[Records drawn from a dataset]
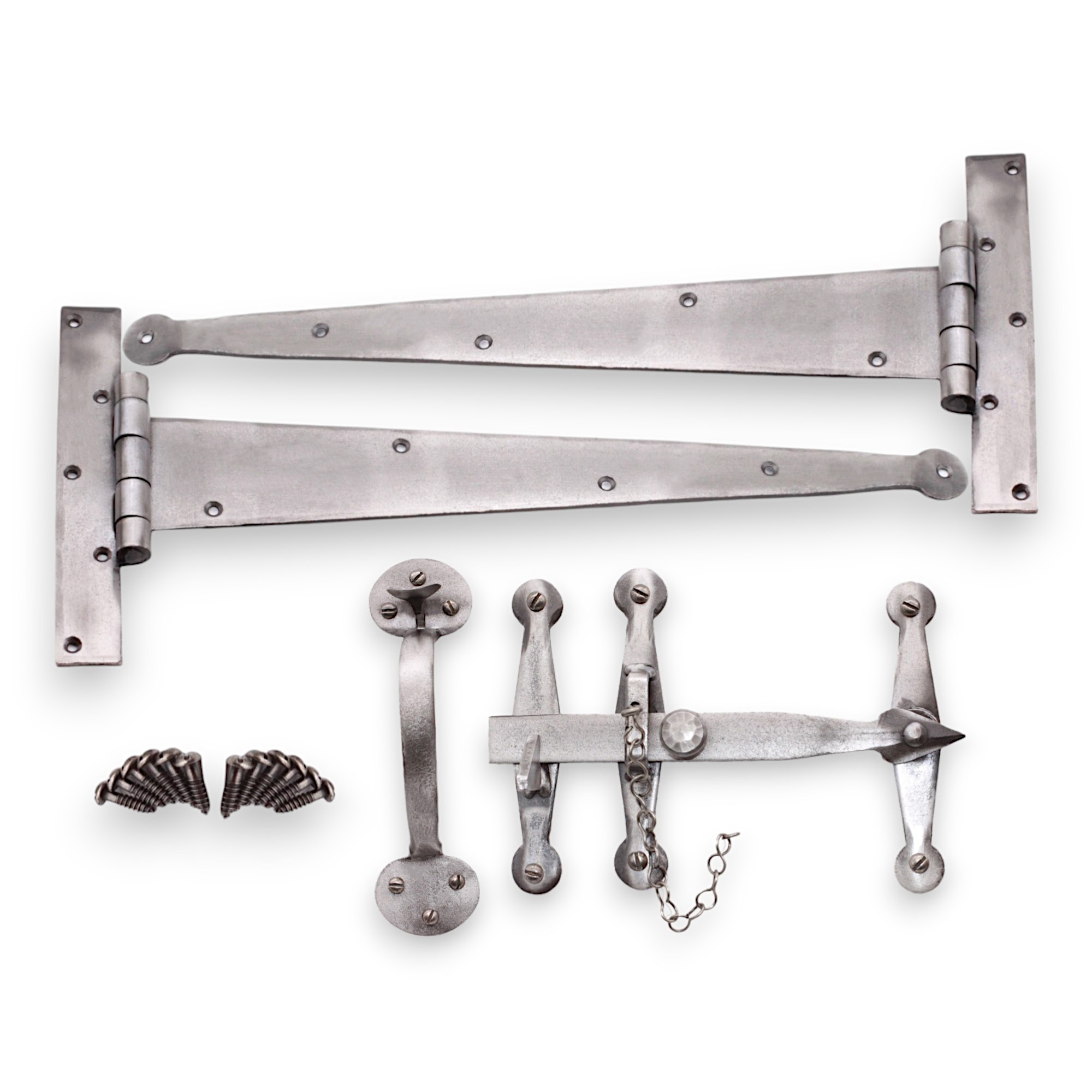 Our hand-made traditional ‘Heavy Duty Handforged Kit’ is made of solid construction to suit any range of solid oak ledged doors. Each kit comes with matching screws to make for an easy installation and with 2 x 440mm steel strap hinges with penny end detail, and one thumb latch set with locking pin. When installing onto an oak door, we find that it is necessary to pilot hole the door before fixing with the provided screws. The two finish options are a hand applied beeswax over an antiqued metal base and pewter both look superb as it matches in with rustic oak doors.
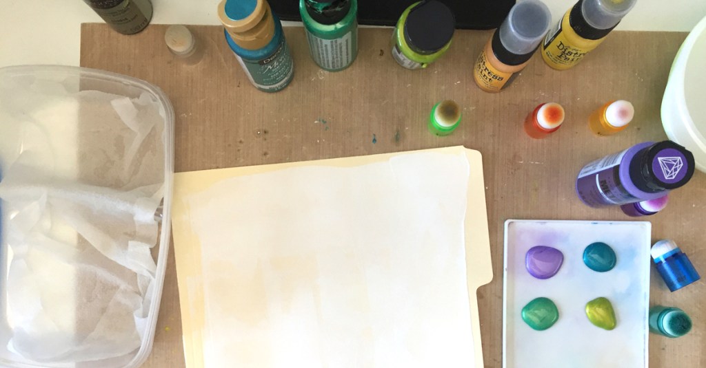 - Acrylic paint in various colors – We used DecoArt Metallic Teal, Folk Art Metallic Amethyst, Folk Art Color Shift Emerald Flash, Folk Art Color Shift Green Flash and Ranger Distress Paint in Mustard See
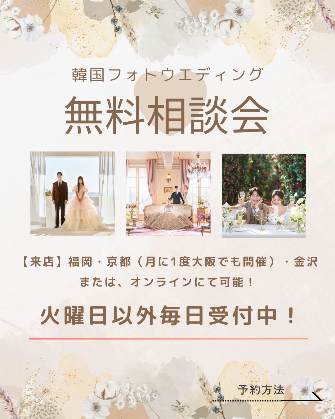 ご予約の際は【💡お名前・希望日時・希望場所】を記載ください📝担当者より返信致します。※3日以内に必ず返信いたしますので届かない場合はお電話ください。
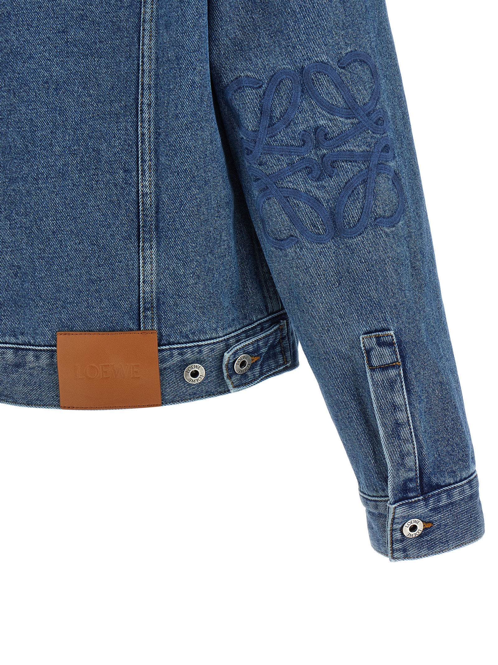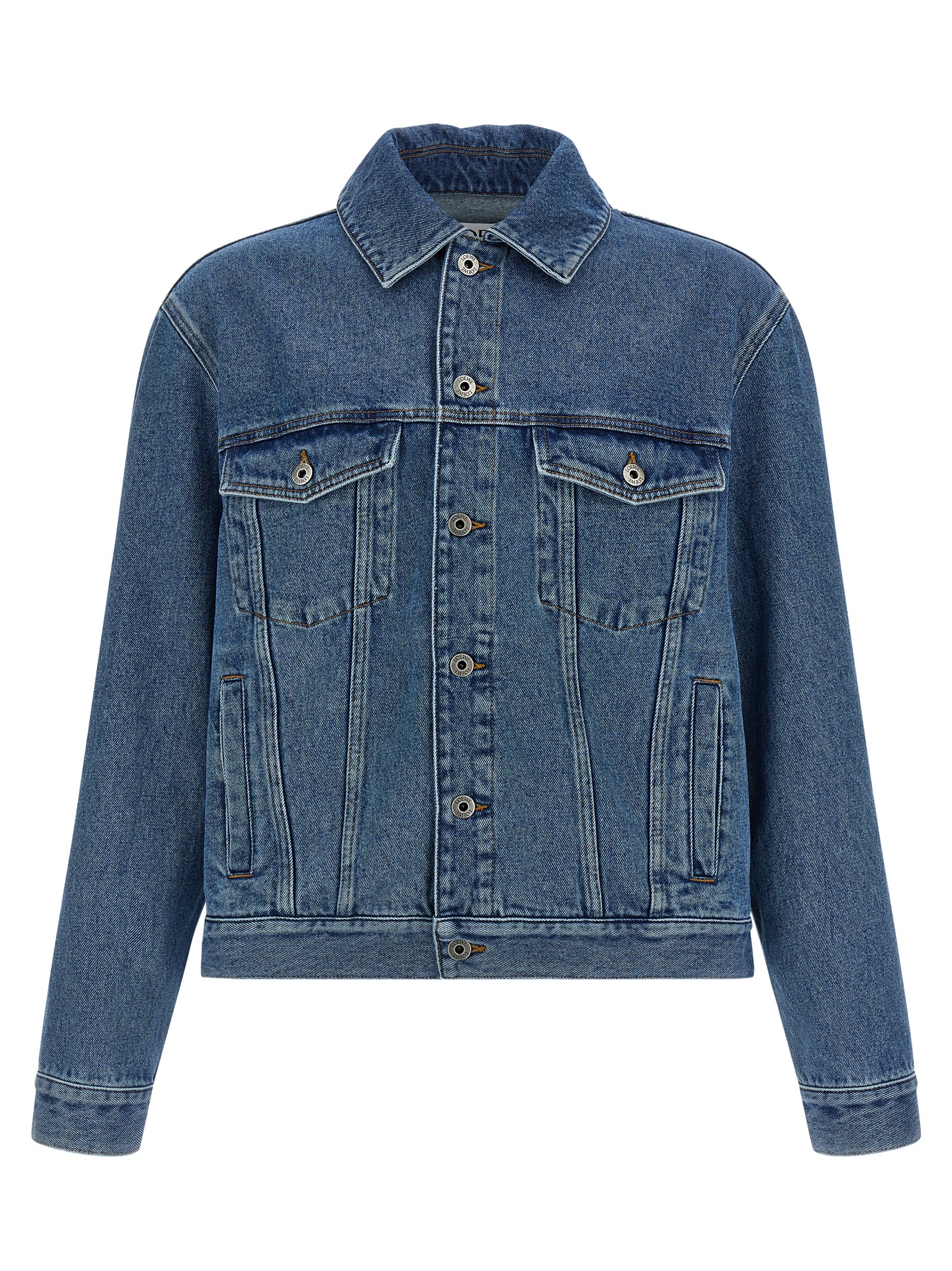 'Anagram' куртка з бавовняного деніму з контрастною рядкою, коміром сорочкового типу, передньою застібкою на металеві ґудзики, кишенями, довгими рукавами з манжетами та тон-в- тон вишивкою 'Anagram' на лікті.
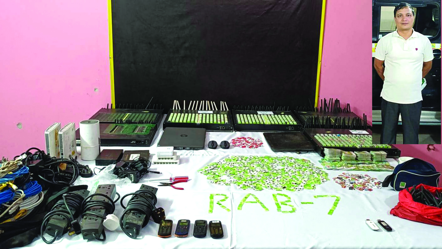 নগরীর পাঁচলাইশ থানাধীন একটি ভবনের দশতলার ফ্ল্যাট থেকে বিপুল পরিমাণ অবৈধ ভিওআইপি ব্যবসার সরঞ্জামসহ মো. নাছির উদ্দিন (৪৩) নামে এক ব্যক্তিকে গ্রেপ্তার করেছে র্যাব। গ্রেপ্তার নাছির লোহাগাড়া থানার বড়হাতিয়া ইউনিয়নের বড়হাতিয়া গ্রামের আব্দুল মোনাফের ছেলে। গতকাল বিকেলে চান্দগাঁও ক্যাম্পে আয়োজিত সংবাদ সম্মেলনে এসব তথ্য জানান র্যাব-৭ এর অধিনায়ক লে. কর্নেল এম এ ইউসুফ।
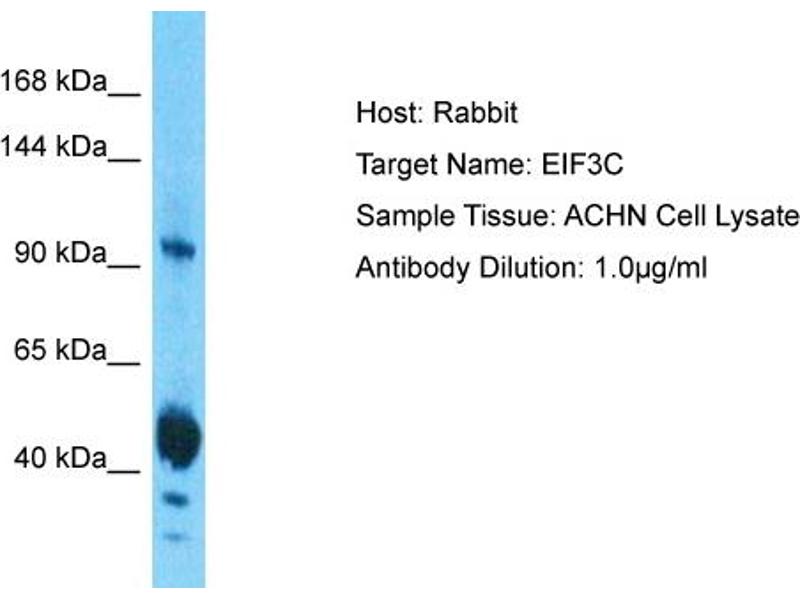 This is a rabbit polyclonal antibody against EIF3C. It was validated on Western Blot.
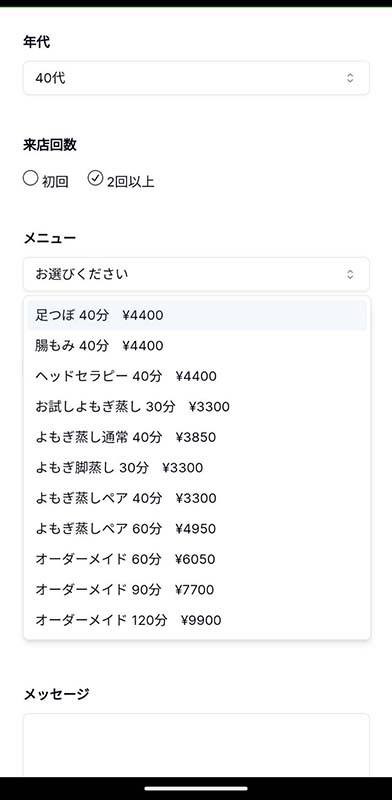 2回目以降のお客様は時刻とメニューのみ選択すれば予約可能です。
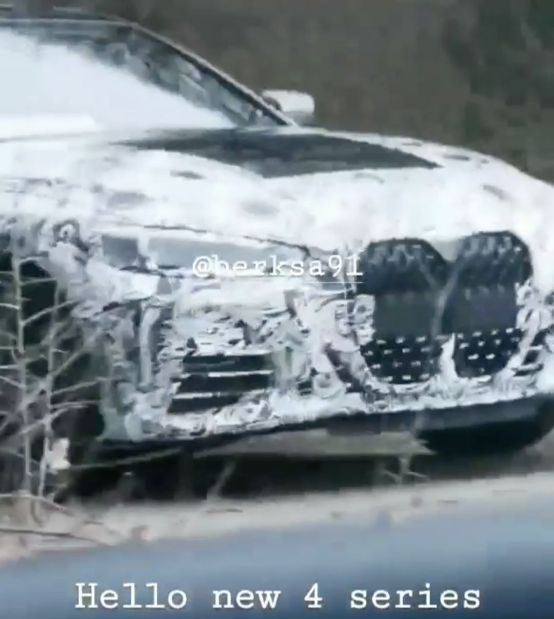 最近国外有人在路边拍摄到全新一代宝马4系路试车,全身贴满伪装,但是巨大的双肾出卖了它的身份,下面是现场拍摄的视频:
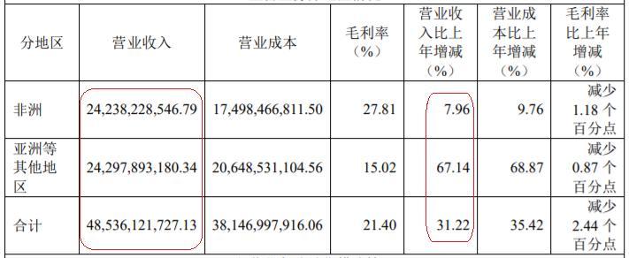 这也是近年来,非洲以外地区收入占比首次过半,而在2019年、2020年,亚洲等其他地区收入占主营业务收入比例为22.75%、39.30%;非洲收入占比则为77.25%、60.70%。但从增速来看,非洲、非洲以外地区均较2020年大幅放缓,要知道2020年前者收入增速为18.14%,后者为159.72%。

WHAT IS REQUIRED> Each line from the one that contains "- Acrylic paint" down to the one that contains "вишивкою 'Anagram' на лікті." is to be returned exactly as it stands above, both ends included, with pictures removed.

ANSWER SPACE>
 - Acrylic paint in various colors – We used DecoArt Metallic Teal, Folk Art Metallic Amethyst, Folk Art Color Shift Emerald Flash, Folk Art Color Shift Green Flash and Ranger Distress Paint in Mustard See
 ご予約の際は【💡お名前・希望日時・希望場所】を記載ください📝担当者より返信致します。※3日以内に必ず返信いたしますので届かない場合はお電話ください。
 'Anagram' куртка з бавовняного деніму з контрастною рядкою, коміром сорочкового типу, передньою застібкою на металеві ґудзики, кишенями, довгими рукавами з манжетами та тон-в- тон вишивкою 'Anagram' на лікті.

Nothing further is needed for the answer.